The amended and restated agreement further provides that Mr. Deacon will not compete with any material portion of the Company’s business activities for up to 18 months following the termination of his employment, that Mr. Deacon will be bound by confidentiality obligations during and after his employment, and that any intellectual property created by Mr. Deacon during his employment has been, and will be, assigned to the Company.
The foregoing summary of Mr. Deacon’s amended and restated employment agreement is qualified in its entirety by the terms of the agreement, a copy of which is attached hereto as Exhibit 99.1 to this Form 8-K and is hereby incorporated by reference.
On December 28, 2006 the Company also entered into an amendment to Eric H. Paulson’s Employment Agreement dated November 1, 2001. This amendment provides that, effective January 1, 2007, Mr. Paulson will serve as the Company’s Executive Chairman. The amendment also provides that all payments to Mr. Paulson that are to be made upon the termination of Mr. Paulson’s employment shall be distributed on the later of (i) the dates otherwise specified in the employment agreement, or (ii) six (6) months after the date of the termination of Mr. Paulson’s employment. Except as to those items described herein, the terms and conditions of Mr. Paulson’s employment agreement remain unchanged.
The foregoing summary of the amendment to Mr. Paulson’s employment agreement is qualified in its entirety by the terms of the amendment, a copy of which is attached hereto as Exhibit 99.2 to this Form 8-K and is hereby incorporated by reference.
Item 9.01 Financial Statements and Exhibits
(c) Exhibits.
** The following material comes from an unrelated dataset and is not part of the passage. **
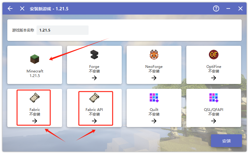 但是为了后面可以安装各种各样的模组(Mod)已经各种好看的 光影材质包 喜欢折腾的小伙伴可以吧下面框出的 Fabric 和 Fabric API 给安装上,为以后安装模组和光影以及材质包提供支持。选择最新版本即可。

The following exhibits are filed with this document:
Exhibit
99.1 | Amended and Restated Employment Agreement Dated December 28, 2006, by and between Navarre Corporation and Cary L. Deacon | |
99.2 | Amendment to Employment Agreement Dated December 28, 2006, by and between Navarre Corporation and Eric H. Paulson |
Table of Contents
SIGNATURES
Pursuant to the requirements of the Securities Exchange Act of 1934, the registrant has duly caused this report to be signed on its behalf by the undersigned, thereunto duly authorized.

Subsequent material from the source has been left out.